* DATA
********
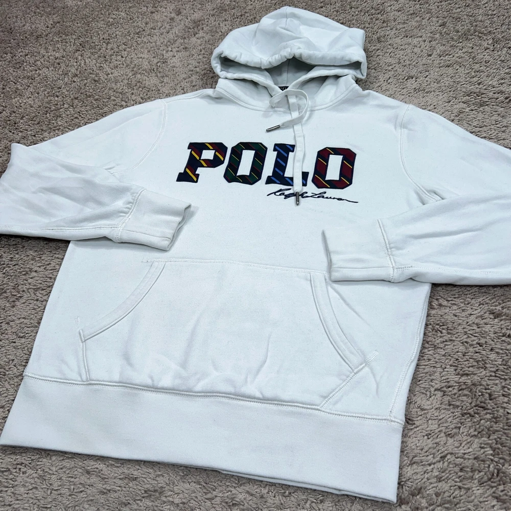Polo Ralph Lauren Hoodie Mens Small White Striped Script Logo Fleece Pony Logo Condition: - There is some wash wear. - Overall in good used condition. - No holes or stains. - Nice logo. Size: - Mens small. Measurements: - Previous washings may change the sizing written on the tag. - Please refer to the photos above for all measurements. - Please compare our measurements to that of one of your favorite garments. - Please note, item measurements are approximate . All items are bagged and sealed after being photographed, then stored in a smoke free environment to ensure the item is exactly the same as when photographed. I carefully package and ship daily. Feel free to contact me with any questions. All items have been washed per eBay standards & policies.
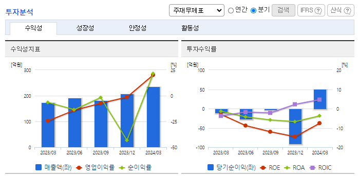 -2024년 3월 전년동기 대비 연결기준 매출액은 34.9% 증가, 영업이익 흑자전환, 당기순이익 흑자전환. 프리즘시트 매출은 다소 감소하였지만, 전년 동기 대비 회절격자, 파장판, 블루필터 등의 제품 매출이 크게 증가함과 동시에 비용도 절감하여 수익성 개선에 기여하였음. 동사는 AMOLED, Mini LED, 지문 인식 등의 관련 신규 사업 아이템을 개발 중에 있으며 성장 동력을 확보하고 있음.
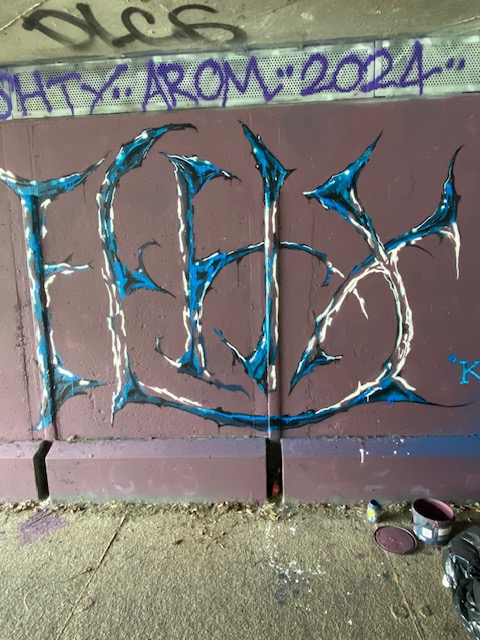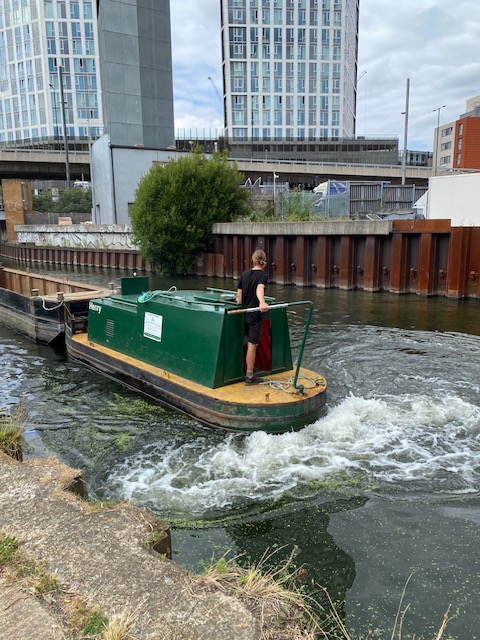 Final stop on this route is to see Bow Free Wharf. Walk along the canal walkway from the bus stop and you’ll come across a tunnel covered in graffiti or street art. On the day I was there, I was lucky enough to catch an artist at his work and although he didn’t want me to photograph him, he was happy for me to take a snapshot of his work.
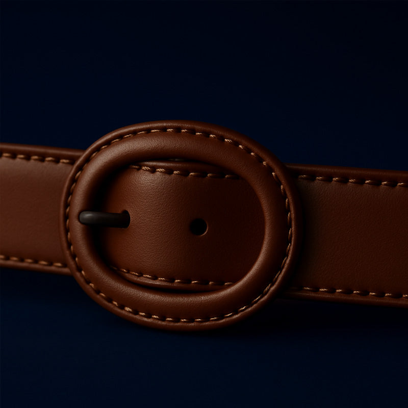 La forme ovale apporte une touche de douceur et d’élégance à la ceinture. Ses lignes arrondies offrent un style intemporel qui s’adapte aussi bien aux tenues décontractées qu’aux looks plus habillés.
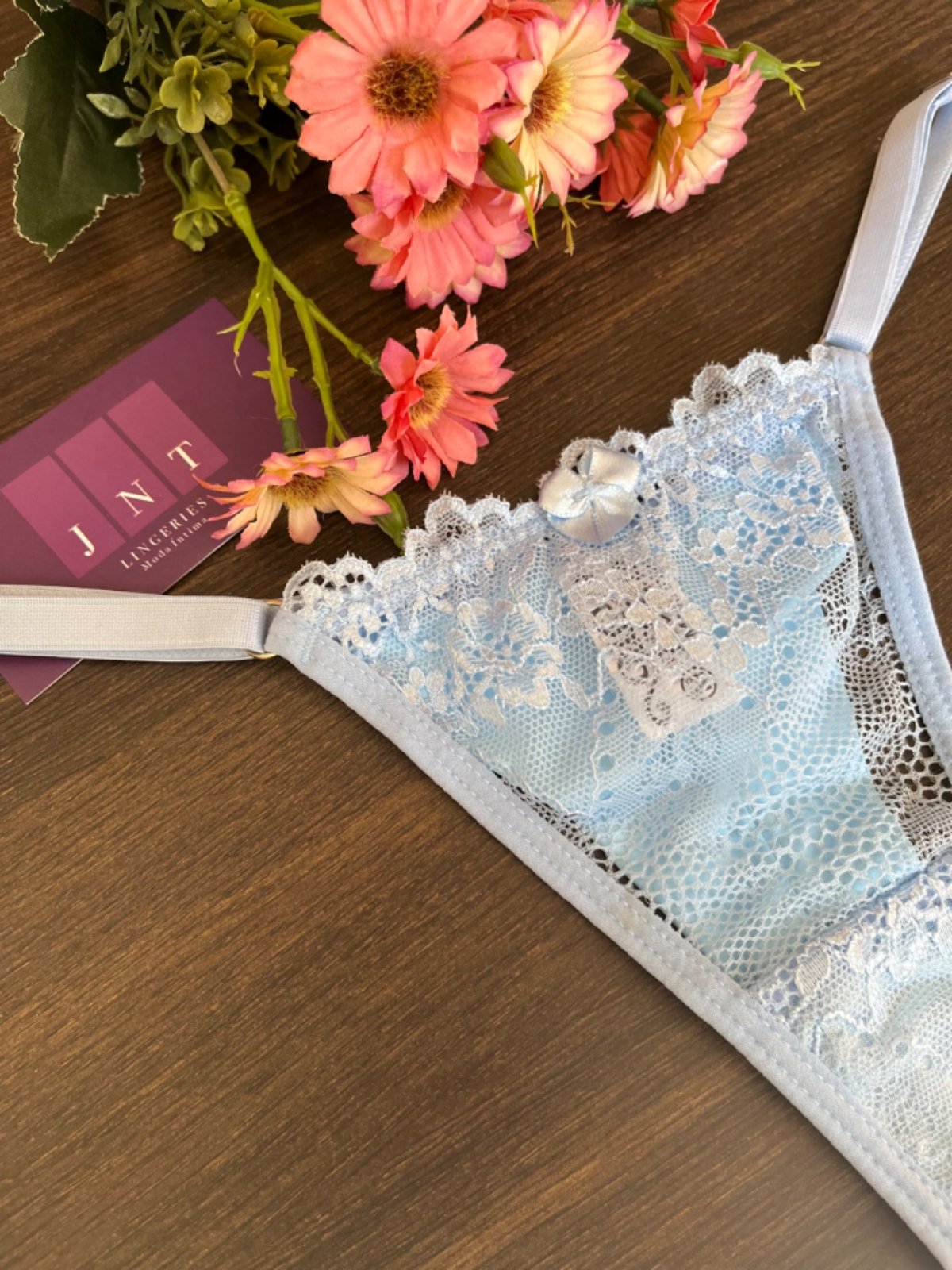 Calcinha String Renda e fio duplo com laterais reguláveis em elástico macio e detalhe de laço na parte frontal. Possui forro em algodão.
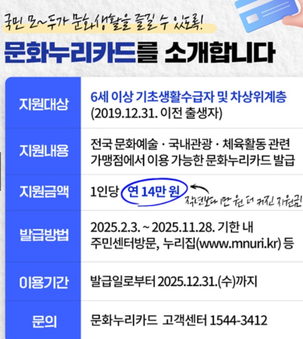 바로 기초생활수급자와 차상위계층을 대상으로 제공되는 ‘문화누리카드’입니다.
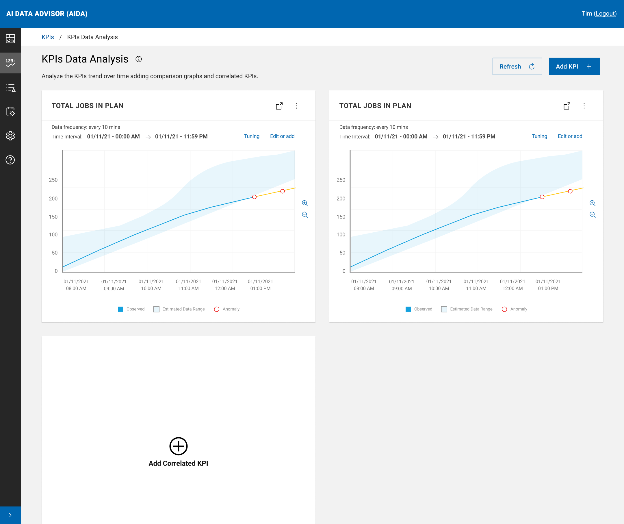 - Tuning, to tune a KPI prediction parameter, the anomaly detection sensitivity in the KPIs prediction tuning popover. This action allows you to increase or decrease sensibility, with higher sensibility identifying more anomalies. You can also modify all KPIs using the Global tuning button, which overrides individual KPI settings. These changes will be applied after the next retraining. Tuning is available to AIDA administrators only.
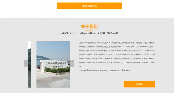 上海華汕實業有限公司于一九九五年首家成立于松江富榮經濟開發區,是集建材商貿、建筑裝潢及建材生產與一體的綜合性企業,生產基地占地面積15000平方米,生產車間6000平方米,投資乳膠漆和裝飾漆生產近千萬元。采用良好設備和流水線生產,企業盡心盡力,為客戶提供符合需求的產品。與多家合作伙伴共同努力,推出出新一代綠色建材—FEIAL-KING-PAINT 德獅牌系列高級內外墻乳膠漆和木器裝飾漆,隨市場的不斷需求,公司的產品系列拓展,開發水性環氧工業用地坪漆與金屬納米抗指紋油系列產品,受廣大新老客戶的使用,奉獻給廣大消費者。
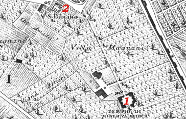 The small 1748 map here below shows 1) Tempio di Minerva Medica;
********
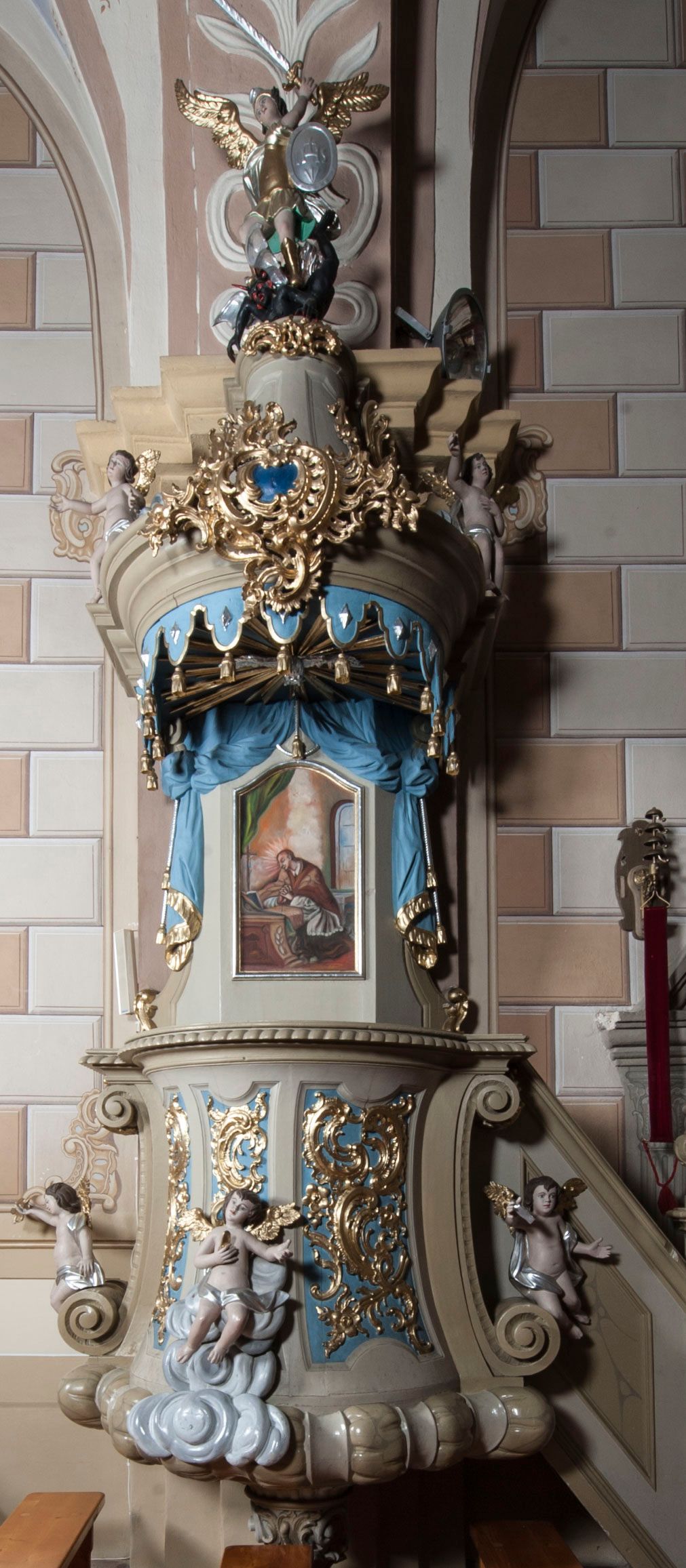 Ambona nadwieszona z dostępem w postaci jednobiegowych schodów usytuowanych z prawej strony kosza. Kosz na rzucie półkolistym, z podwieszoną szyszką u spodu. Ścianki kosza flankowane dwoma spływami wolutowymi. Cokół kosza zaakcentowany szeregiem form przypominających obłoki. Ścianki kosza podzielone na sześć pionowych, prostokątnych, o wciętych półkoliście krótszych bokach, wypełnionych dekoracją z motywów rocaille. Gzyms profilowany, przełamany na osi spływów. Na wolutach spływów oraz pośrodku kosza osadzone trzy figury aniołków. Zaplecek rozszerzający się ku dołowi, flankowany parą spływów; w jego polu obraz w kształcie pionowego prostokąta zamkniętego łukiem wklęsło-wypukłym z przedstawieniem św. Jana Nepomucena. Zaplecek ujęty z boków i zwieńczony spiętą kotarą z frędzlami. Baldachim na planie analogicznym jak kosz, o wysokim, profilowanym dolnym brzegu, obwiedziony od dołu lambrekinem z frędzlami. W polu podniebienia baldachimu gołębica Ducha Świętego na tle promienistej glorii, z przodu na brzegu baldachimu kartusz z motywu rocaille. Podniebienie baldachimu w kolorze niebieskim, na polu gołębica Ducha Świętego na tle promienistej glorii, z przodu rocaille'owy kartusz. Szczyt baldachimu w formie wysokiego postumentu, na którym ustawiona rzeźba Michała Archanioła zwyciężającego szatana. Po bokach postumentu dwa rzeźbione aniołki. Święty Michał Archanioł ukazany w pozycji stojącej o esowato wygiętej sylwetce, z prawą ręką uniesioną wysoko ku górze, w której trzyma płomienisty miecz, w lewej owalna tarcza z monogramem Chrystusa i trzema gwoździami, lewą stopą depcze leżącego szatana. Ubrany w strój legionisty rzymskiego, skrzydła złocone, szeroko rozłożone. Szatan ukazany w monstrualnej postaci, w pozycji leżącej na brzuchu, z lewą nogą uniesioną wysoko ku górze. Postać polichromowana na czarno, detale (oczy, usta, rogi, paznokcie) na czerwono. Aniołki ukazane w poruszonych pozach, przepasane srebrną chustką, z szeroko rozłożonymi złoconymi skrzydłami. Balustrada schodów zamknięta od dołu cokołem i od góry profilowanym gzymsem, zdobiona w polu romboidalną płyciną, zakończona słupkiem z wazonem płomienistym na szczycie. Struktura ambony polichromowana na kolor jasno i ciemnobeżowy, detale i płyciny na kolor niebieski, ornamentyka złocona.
********
* WHAT TO WORK ON
The reply should hold exactly the lines above, starting at the line with "바로 기초생활수급자와 차상위계층을 대상으로 제공되는 ‘문화누리카드’입니다." and ending at the line with "The small 1748", and no pictures.

* SOLUTION BELOW
 바로 기초생활수급자와 차상위계층을 대상으로 제공되는 ‘문화누리카드’입니다.
 - Tuning, to tune a KPI prediction parameter, the anomaly detection sensitivity in the KPIs prediction tuning popover. This action allows you to increase or decrease sensibility, with higher sensibility identifying more anomalies. You can also modify all KPIs using the Global tuning button, which overrides individual KPI settings. These changes will be applied after the next retraining. Tuning is available to AIDA administrators only.
 上海華汕實業有限公司于一九九五年首家成立于松江富榮經濟開發區,是集建材商貿、建筑裝潢及建材生產與一體的綜合性企業,生產基地占地面積15000平方米,生產車間6000平方米,投資乳膠漆和裝飾漆生產近千萬元。采用良好設備和流水線生產,企業盡心盡力,為客戶提供符合需求的產品。與多家合作伙伴共同努力,推出出新一代綠色建材—FEIAL-KING-PAINT 德獅牌系列高級內外墻乳膠漆和木器裝飾漆,隨市場的不斷需求,公司的產品系列拓展,開發水性環氧工業用地坪漆與金屬納米抗指紋油系列產品,受廣大新老客戶的使用,奉獻給廣大消費者。
 The small 1748 map here below shows 1) Tempio di Minerva Medica;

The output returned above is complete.